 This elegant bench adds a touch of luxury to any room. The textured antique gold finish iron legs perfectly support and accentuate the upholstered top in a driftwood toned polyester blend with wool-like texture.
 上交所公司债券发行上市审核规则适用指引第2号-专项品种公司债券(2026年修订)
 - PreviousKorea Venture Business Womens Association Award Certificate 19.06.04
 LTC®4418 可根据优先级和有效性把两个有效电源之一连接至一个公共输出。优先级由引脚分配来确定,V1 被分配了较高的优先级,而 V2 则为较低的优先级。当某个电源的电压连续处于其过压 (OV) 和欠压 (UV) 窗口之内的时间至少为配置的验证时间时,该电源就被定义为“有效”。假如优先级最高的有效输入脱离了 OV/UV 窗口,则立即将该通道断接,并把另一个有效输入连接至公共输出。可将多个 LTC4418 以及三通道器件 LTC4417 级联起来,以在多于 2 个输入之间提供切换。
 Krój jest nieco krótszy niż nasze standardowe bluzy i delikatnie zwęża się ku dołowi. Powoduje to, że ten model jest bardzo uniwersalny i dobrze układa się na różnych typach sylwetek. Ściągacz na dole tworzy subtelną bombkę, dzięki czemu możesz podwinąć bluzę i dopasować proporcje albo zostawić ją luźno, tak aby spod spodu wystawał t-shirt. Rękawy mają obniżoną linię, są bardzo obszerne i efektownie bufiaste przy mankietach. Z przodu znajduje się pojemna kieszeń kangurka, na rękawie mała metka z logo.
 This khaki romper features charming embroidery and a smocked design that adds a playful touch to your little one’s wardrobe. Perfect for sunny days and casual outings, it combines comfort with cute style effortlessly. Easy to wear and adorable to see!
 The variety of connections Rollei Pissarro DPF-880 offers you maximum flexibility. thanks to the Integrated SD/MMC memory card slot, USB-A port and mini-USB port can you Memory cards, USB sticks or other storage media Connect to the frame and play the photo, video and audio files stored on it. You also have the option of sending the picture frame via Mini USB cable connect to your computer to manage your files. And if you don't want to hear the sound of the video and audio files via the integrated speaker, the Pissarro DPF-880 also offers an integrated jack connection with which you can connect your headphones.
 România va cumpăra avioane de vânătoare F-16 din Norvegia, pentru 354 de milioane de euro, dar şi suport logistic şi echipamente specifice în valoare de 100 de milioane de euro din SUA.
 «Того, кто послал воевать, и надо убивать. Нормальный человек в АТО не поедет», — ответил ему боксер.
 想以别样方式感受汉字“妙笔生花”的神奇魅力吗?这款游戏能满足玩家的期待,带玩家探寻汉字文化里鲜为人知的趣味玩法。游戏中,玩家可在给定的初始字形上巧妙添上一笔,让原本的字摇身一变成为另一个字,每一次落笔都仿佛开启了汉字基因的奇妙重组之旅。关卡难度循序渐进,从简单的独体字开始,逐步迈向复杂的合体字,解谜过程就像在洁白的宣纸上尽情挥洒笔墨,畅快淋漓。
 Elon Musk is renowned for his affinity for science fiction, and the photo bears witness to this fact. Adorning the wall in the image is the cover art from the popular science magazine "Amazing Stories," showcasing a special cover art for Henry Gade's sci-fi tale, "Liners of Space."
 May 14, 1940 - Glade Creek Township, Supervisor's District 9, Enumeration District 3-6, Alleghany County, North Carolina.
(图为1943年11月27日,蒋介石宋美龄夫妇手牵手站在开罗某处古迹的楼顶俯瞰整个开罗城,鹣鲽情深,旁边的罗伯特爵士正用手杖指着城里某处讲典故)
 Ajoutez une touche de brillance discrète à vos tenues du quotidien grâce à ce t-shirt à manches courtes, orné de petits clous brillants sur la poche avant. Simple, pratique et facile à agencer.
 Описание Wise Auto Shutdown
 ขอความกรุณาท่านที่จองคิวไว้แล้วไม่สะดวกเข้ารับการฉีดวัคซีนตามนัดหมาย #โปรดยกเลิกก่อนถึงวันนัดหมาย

#### [HOW TO COMPLETE THIS TASK]
Look above for the line with "- PreviousKorea Venture"; retype exactly that line, every line after it up to the line with "Krój jest nieco", and that line too, nothing else.

#### [RESULT]
 - PreviousKorea Venture Business Womens Association Award Certificate 19.06.04
 LTC®4418 可根据优先级和有效性把两个有效电源之一连接至一个公共输出。优先级由引脚分配来确定,V1 被分配了较高的优先级,而 V2 则为较低的优先级。当某个电源的电压连续处于其过压 (OV) 和欠压 (UV) 窗口之内的时间至少为配置的验证时间时,该电源就被定义为“有效”。假如优先级最高的有效输入脱离了 OV/UV 窗口,则立即将该通道断接,并把另一个有效输入连接至公共输出。可将多个 LTC4418 以及三通道器件 LTC4417 级联起来,以在多于 2 个输入之间提供切换。
 Krój jest nieco krótszy niż nasze standardowe bluzy i delikatnie zwęża się ku dołowi. Powoduje to, że ten model jest bardzo uniwersalny i dobrze układa się na różnych typach sylwetek. Ściągacz na dole tworzy subtelną bombkę, dzięki czemu możesz podwinąć bluzę i dopasować proporcje albo zostawić ją luźno, tak aby spod spodu wystawał t-shirt. Rękawy mają obniżoną linię, są bardzo obszerne i efektownie bufiaste przy mankietach. Z przodu znajduje się pojemna kieszeń kangurka, na rękawie mała metka z logo.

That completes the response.